The risk of spread of the deadly virus could be completely eliminated by this Christmas thanks to an extra jab, according to the Times. The third vaccine would be offered to all members of the public aged 50 or over.
There are two possible jabs being tested in a project overseen by Chris Whitty, England’s chief medical officer.
One of the options involved taking an extra shot of the three vaccines already distributed in the UK – Oxford-AstraZeneca, Moderna or Pfizer-BioNTech.
The other alternative would require a jab specifically altered to ward off new mutations of the pathogen.
Existing jabs are able to fight off mutations, but have proven weaker against certain variants such as the one that originated in South Africa.
According to the Times, it is only believed to be necessary to provide the vaccine to the over-50s and other groups that may be at a higher risk.
A senior government minister told the publication: “We will have a lot to say about the booster programme soon. It’s looking really positive so far.
“We think that the level of protection in the population to any variant will be so high that by Christmas, Covid-19 should have just faded away into the background like any other illness in circulation.
“So much so that we don’t think there will be any need to give a booster shot to younger people because transmission will have got so low.”
The news comes as Britain achieved a fresh milestone in its fight against coronavirus by giving 50 million doses of the jab, with nearly a third of adults fully inoculated.
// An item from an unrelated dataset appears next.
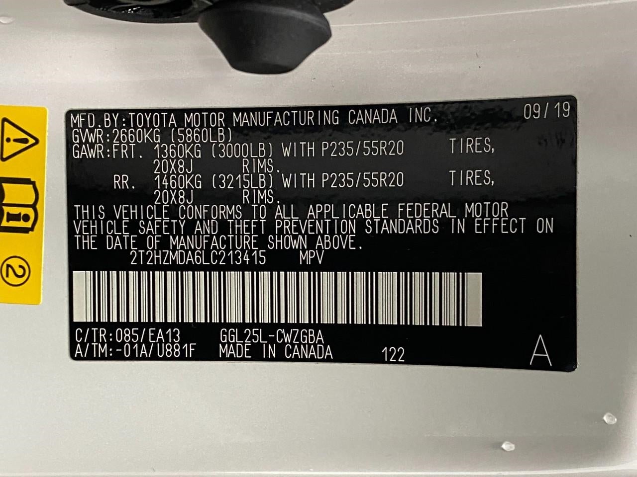 - Rear Tire Size: P235/55VR20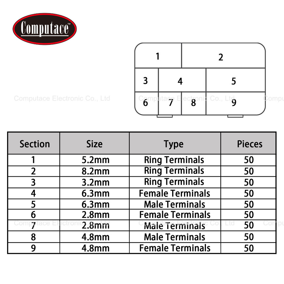 Description:450PCS Assorted Brass Crimp Terminal Kit

On Tuesday, the daily death toll registered a single fatality for only the third time in the pandemic.
Health Secretary Matt Hancock said: “We have hit another incredible milestone in our vaccination programme.
“Now 29.4 percent of the adult population have the strongest possible protection of two doses.”
He added that the immunisation programme is “saving lives and helping us get back to normal”, adding: “I want to pay tribute to the heroic NHS staff and volunteers who have worked tirelessly to deliver vaccines in all parts of the United Kingdom at a phenomenal pace.”